Like millions of people who are panicking about possible changes to their health insurance, I’m concerned the people elected to represent us won’t have to live with the consequences or expenses that the rest of us may have to face soon. I want lawmakers to commit to treating themselves just like those who will be impacted by ACA repeal or replacement. 

This is probably the most important observation about Congress. Somebody has noticed that some members of Congress are trying very hard to separate their fate from the people they claim to represent. This is an impossible goal to be sure, but it's interesting that they would even try. So the petition seeks to remind Congress that all power resides in the people, and yes, their fate is tied to ours, no matter how hard they try.

Free market ideology claims that we are all rational free agents in a bag of skin. The collapse of the last housing bubble disproves that claim. We are anything but rational, especially when we try to go it alone. The GOP's plan is especially keen to divide us and convince us that we can make it on our own. We can succeed without or even despite the influence that others might have on us.
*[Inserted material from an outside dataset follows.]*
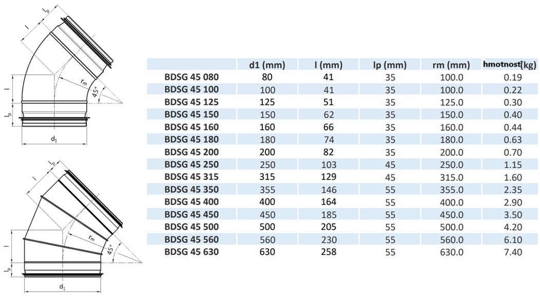 Vzduchotechnické profilové pozinkované 45° koleno-Ø125mm s gumovým

But the GOP's plan to separate their fate from the people they claim to represent is going to run into a very difficult scientific principle to overcome: the observer effect. In the same way that it's impossible to observe an experiment without influencing the outcome, it is also impossible to separate your fate from everyone else, which is what Republicans in Congress (and a few Democrats) seem to want to do. And this isn't just Congress. It's the millionaire and billionaires who support their campaigns. They too, are seeking to distance themselves from the great unwashed masses that do the work and buy their products.
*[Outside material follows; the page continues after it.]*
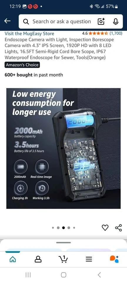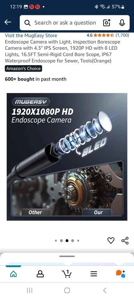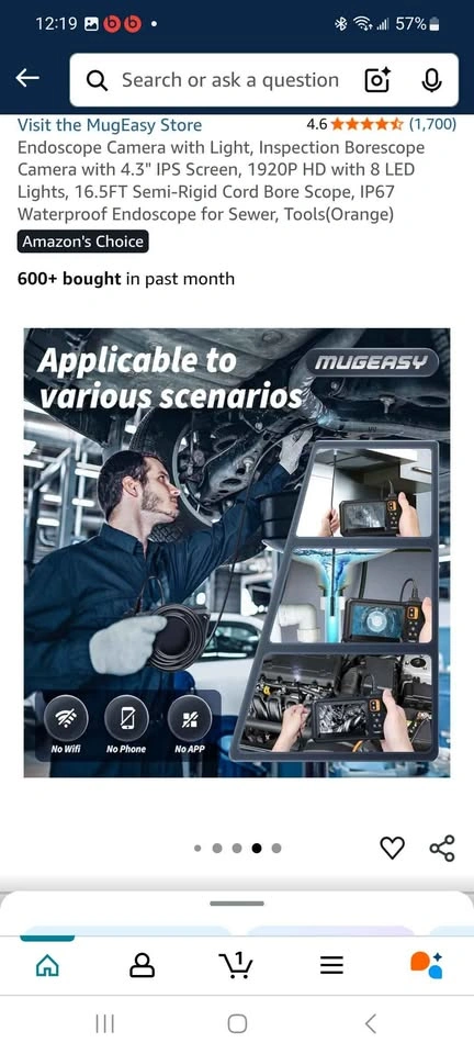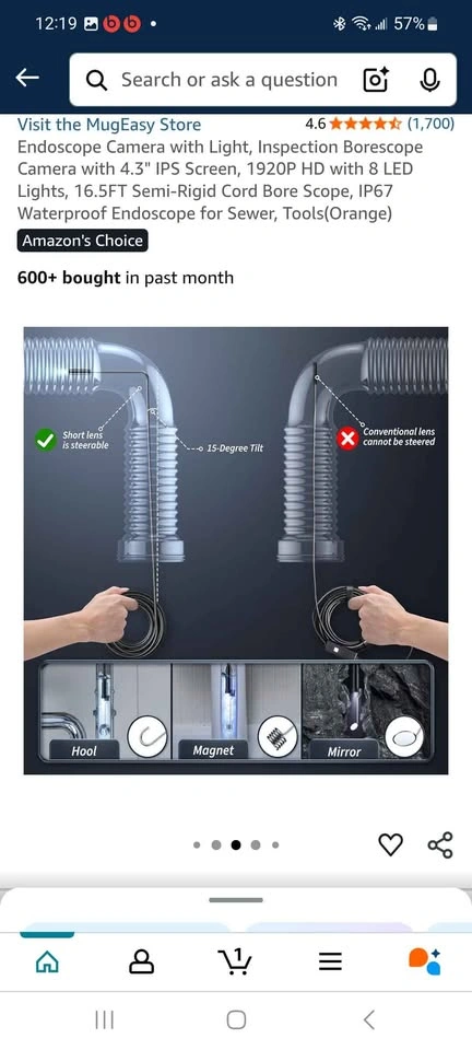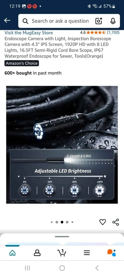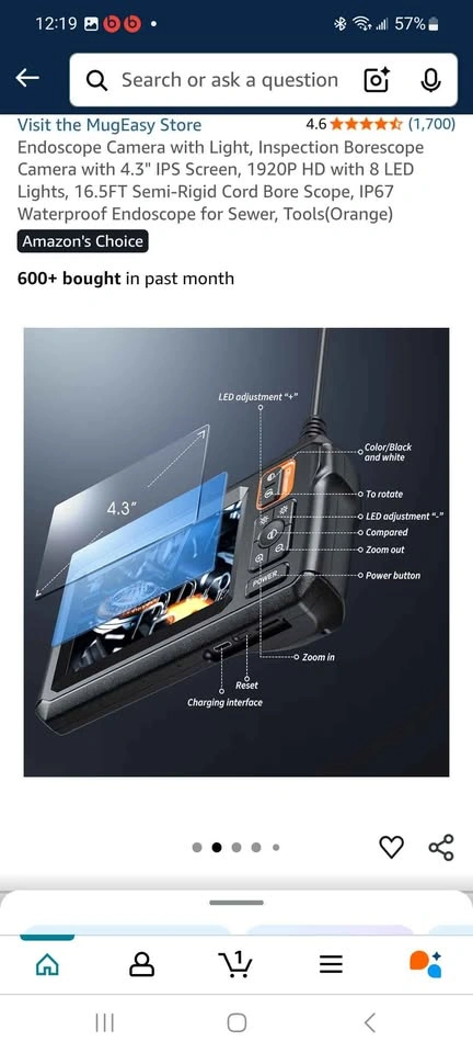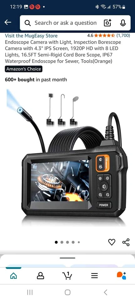 0Endoscope Camera with Light, Inspection Borescope Camera with 4.3" IPS Screen, 1920P HD with 8 LED Lights, 16.5FT Semi-Rigid Cord Bore Scope, IP67 Waterproof Endoscope for Sewer, Tools(Orange). Pickup near Fox Valley Mall Aurora.

This is the point of universal health care. We got to this place because everyone is being asked to act as if they are not connected to everyone else, to act as if each person can act independently of another. The high costs of health care and insurance for the same is the cost of resisting the reality that we are all connected. Our fate is not just personal, it's collective. Under the private insurance plans promoted by the GOP, we are divided for maximum profits, while the executives who sell those plans pretend that the costs imposed upon others are not imposed on themselves, too.

When we choose to admit the reality that our fate is collective and individual, we choose to stop resisting and start helping, to share the costs of our mutual care. Universal health care addresses this reality by spreading the costs and the risks throughout the population, regardless of race, creed, gender or wealth. We are all Americans and as a country, our fate is collective. The denial of that fact, is the GOP plan.